An electron beam flood exposure tool was used to modify and improve the structure and properties of poly(arylene ether) dielectric films. Poly(arylene ether)s are low dielectric constant materials being developed as intermetal and interlevel dielectric films for ULSI integrated circuit fabrication. These films are usually cured in a furnace at 400-425C in nitrogen at 1 atm. for up to one hour. The electron beam tool used here exposes all areas of a Si wafer (100-200 mm diameter) coated with dielectric films. In this study, poly(arylene ether) films were thermally processed to varying extents and then treated with electron beam exposure. The electron beam energy level, dosage, and temperature of substrate were varied the experiments. The electron beam exposure was found to essentially cure the films without the use of a standard high temperature furnace cure. The electron beam process is run at 200C:. Various properties of the films were measured after electron beam treatment: resistance to hot solvent (NMP), film thickness, refractive index, dielectric constant (out of plane at l MHz), adhesion strength to various substrates, thermal stability, glass transition temperature, and modulus of elasticity. The electron beam cures the films by inducing extensive cross linking without causing thickness shrinkage or major changes in the polymer structure.

9:15 AM N3.3 
TOWARD IMPROVED THIN FILM DENSITY MEASUREMENT METHODS: NOVEL APPLICATIONS OF X-RAY AND NEUTRON REFLECTIVITY, William E. Wallace, NIST, Gaithersburg, MD; Wen-li Wu, NIST, Polymers Div, Gaithersburg, MD.

There has been much recent activity centered on measuring the physical properties of a wide variety of proposed insulating thin film materials for microelectronics applications. The proper material must have superior performance in the areas of, for example, dielectric constant at high frequencies, breakdown strength at high field, chemical and dimensional stability at elevated temperatures, and moisture uptake in humid environments. One property that underpins much of thin film behavior is mass density, which can vary substantially as a function of processing conditions for most materials and is difficult to measure accurately. Several new methods of measuring thin film density, each currently under development, will be discussed. The first, energy-dispersive x-ray reflectivity, has been demonstrated to improve the accuracy of the measurement five-fold but is most useful for films thicker than about one-half micron. For thinner films, a new technique employing angle dependent x-ray fluorescence is being implemented. It shows the potential for being useful for films as thin as 10 nanometers. Lastly, for films of all thicknesses, ''symmetric'' neutron reflectivity (two curves, one incident from the free surface and one from the substrate side of the film) serves as a useful complement to the x-ray techniques. Examples will be given covering both organic and inorganic low-dielectric constant films.

9:30 AM N3.4 
ELECTRICAL EXTRACTION OF THE IN-PLANE DIELECTRIC CONSTANT OF FLUORINATED POLYIMIDE, Alvin L.S. Loke, Stanford Univ, Dept of Electrical Engr, Stanford, CA; Jeffrey T. Wetzel, John J. Stankus, Motorola Inc, Matls Research & Strategic Technologies, Austin, TX; S. Simon Wong, Stanford Univ, Dept of Electrical Engr, Stanford, CA.
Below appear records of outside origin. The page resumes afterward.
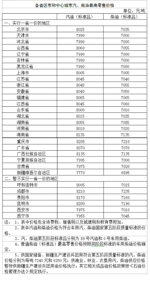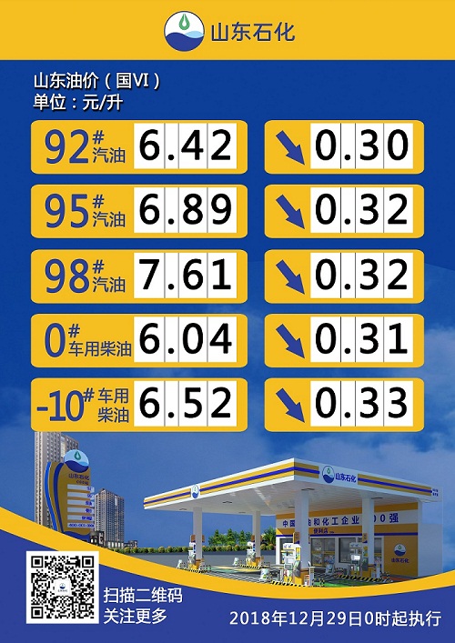 按照現(xiàn)行成品油價(jià)格形成機(jī)制,自2018年12月28日24時(shí)起,國(guó)內(nèi)汽、柴油價(jià)格(標(biāo)準(zhǔn)品,下同)每噸分別降低370元和355元。相關(guān)價(jià)格聯(lián)動(dòng)及補(bǔ)貼政策按現(xiàn)行規(guī)定執(zhí)行。
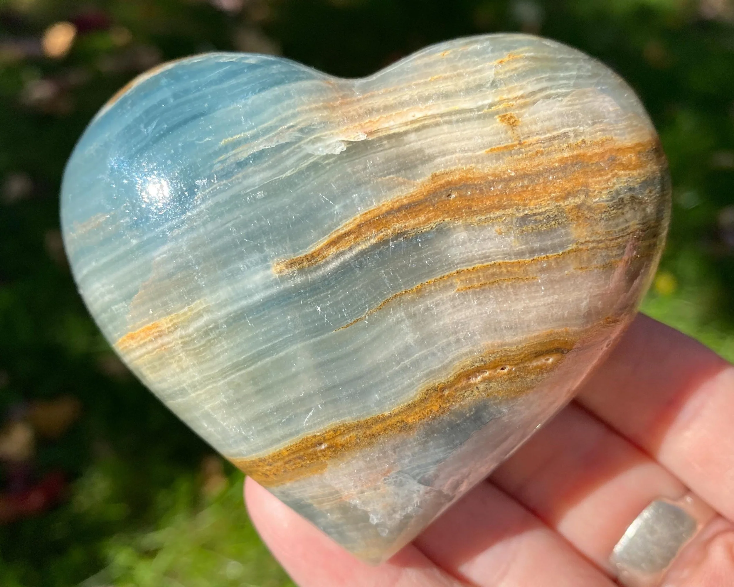 This is a heart carved from dreamy blue "Aquatine Lemurian" Calcite from Argentina. It has a gorgeous deep blue color. It is a rare and exquisite material.
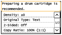 <Preparing a drum cartridge is recommended.>/<Preparing a drum cart. is recommended.>
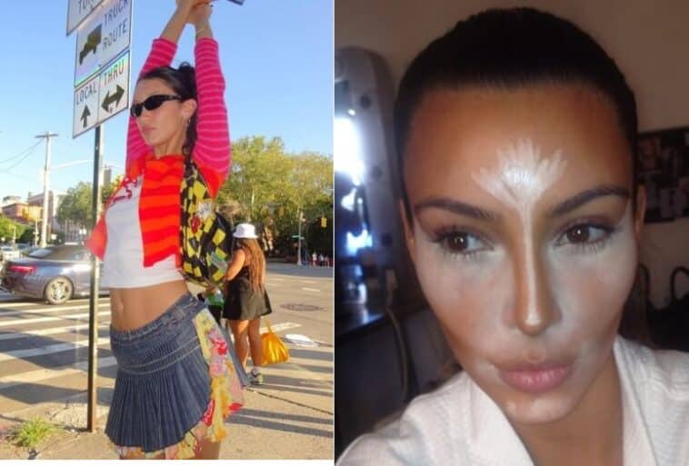 7. Bella Hadid – blůzka rozepnutá odspodu do poloviny
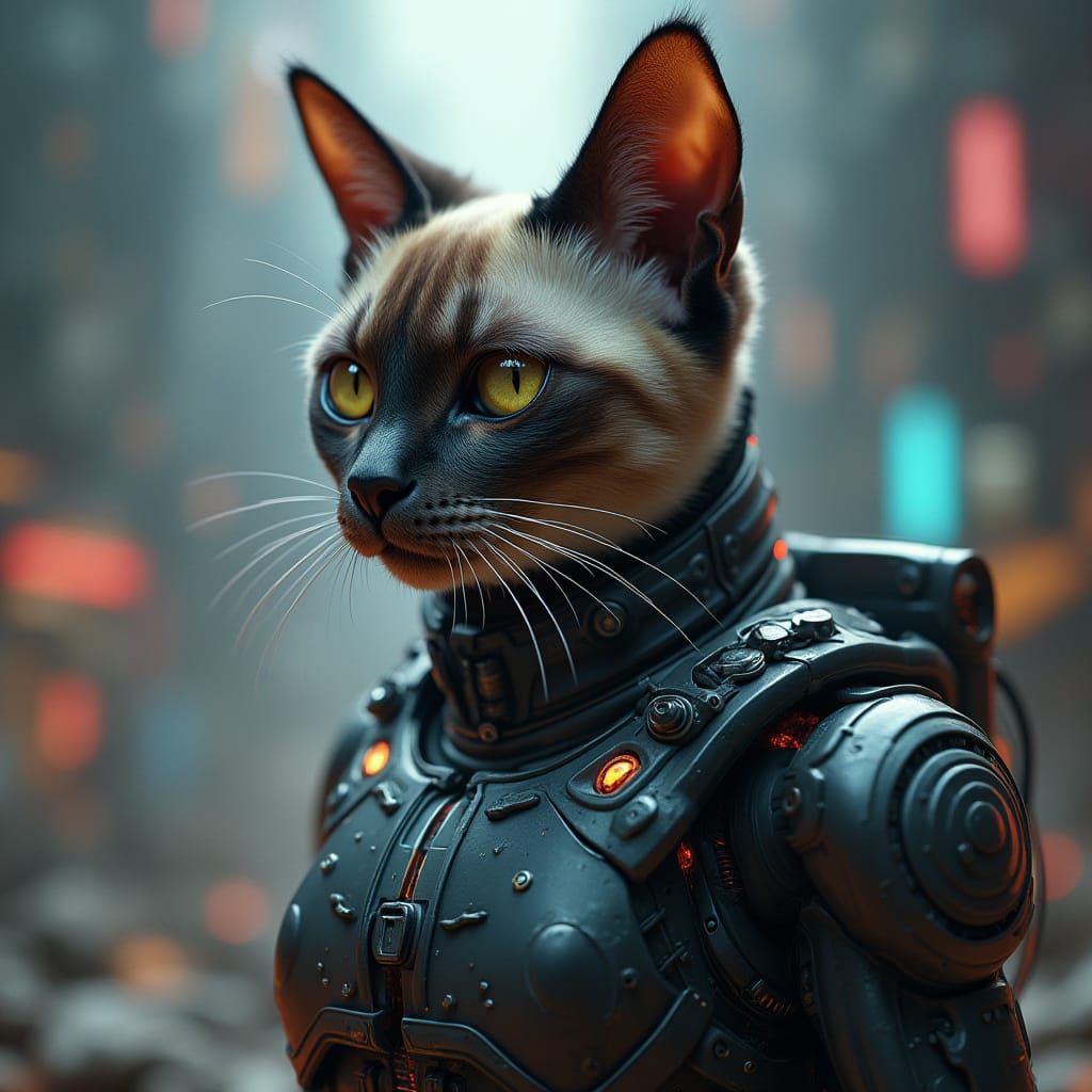 A striking image of a Siamese cat encased in a high-tech exoskeleton, surrounded by sleek metallic details and neon lights, set against a dramatic cinematic background, rendered in photorealistic detail with a futuristic aesthetic inspired by Syd Mead and Ash Thorp
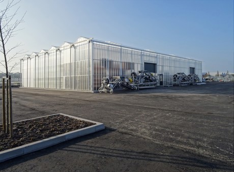 Another important improvement is the test center that was built behind the warehouses. “The test center is really one of a kind. It's a 1000 m2 Venlo greenhouse, modified specifically to serve our needs. The greenhouse with its six roofs has tracks on both of its gables, on which we can place a platform with roof washers or chalk machines. Because of this, we have the opportunity to extensively test our machines before sending them to our customers. This is not only the case for the machines we sell but also for all of the new developments we invent and want to test before bringing them to market in the future”, says Marcel Koolmees.
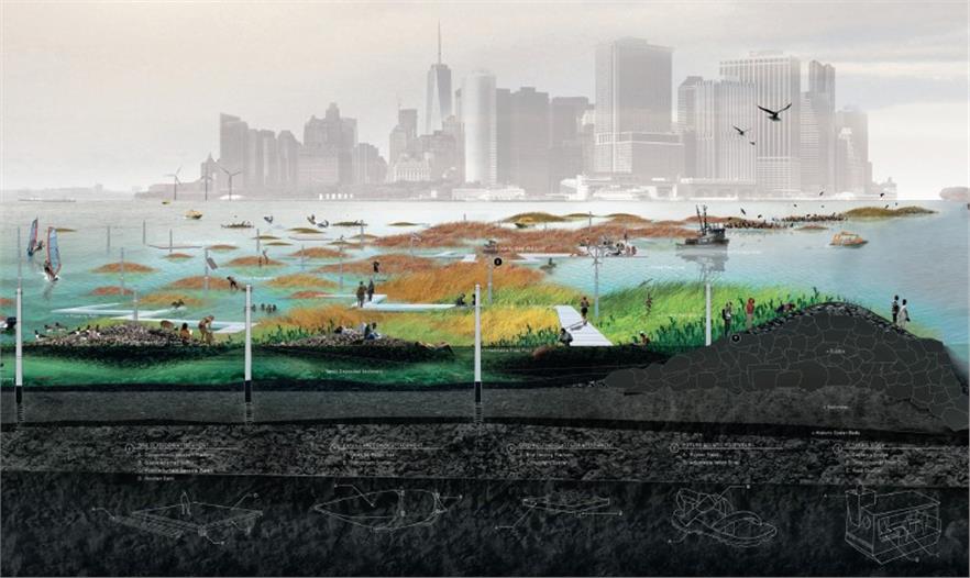 有生命的礁石建于由毛茸繩和木樁構成的柔軟基質(zhì)上。次潮間帶和潮間帶削減了風暴中波浪的能量,同時在沉淀物堆積層之上生長著可過濾水的軟體動物。在高水位線之上的群島不僅能夠使水平緩,同時也能形成生態(tài)庇護和休閑空間相結合的復雜網(wǎng)絡。
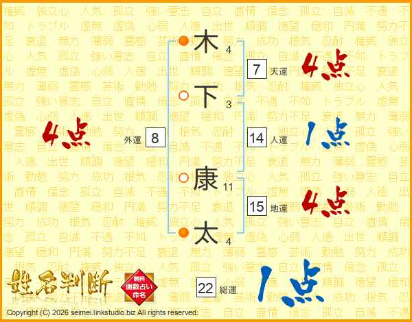 生活面を象徴する運勢です。外部から受ける影響力を表し、結婚運、家庭運や職場、環境への順応性を表します。総運から人運を引いた画数。姓や名が1文字の場合を除く。

Fluorinated polyimides can potentially replace TEOS as an interlevel dielectric in future ULSI interconnect technologies because their lower dielectric constants offer reduced crosstalk, signal propagation delays and dynamic power dissipation. One issue associated with polyimides is the anisotropy in dielectric constant (K), where the out-of-plane dielectric constant, typically measured using parallel-plate capacitors, often exaggerates the capacitance advantage. In this paper, we present a novel electrical technique to estimate the in-plane dielectric constant of DuPont FPI-136M fluorinated polyimide without requiring dielectric gapfill. The technique consists of measuring the crosstalk capacitance between interdigitated inlaid Al(0.5%Cu) structures that are passivated by FPI-136M. Identical inlaid structures passivated by air and TEOS are also fabricated for capacitance calibration. Differences in measured capacitances reflect electric fields fringing in the various passivation materials above the inlaid metal. With the dielectric constants of air and TEOS both known, the effective dielectric constant of dry FPI-136M at 150C is interpolated to be 2.8. Interconnect simulations confirm that the effective dielectric constant extraction technique is valid and accurate provided that there is a minimum passivation layer thickness to contain essentially all the fringing fields. To estimate the in-plane dielectric constant, we use simulations to determine the in-plane dielectric constant required to yield the extracted effective isotropic dielectric constant. With an out-of-plane dielectric constant of 2.6, the in-plane dielectric constant of FPI-136M is estimated to be approximately 3.0.

10:15 AM *N3.5 
NEW METHODOLOGIES FOR CHARACTERIZATION OF LOW DIELECTRIC CONSTANT THIN FILMS, E. Todd Ryan, Univ of Texas-Austin, Ctr for Matls Science, Austin, TX; Taiheui Cho, Univ of Texas-Austin, Ctr for Materials Science & Engr, Austin, TX; Irfan Malik, Jeff Zhao, Univ of Texas-Austin, Ctr for Materials Science & Engr, Austin, TX; Paul S. Ho, Univ of Texas-Austin, Dept of MS&E, Austin, TX.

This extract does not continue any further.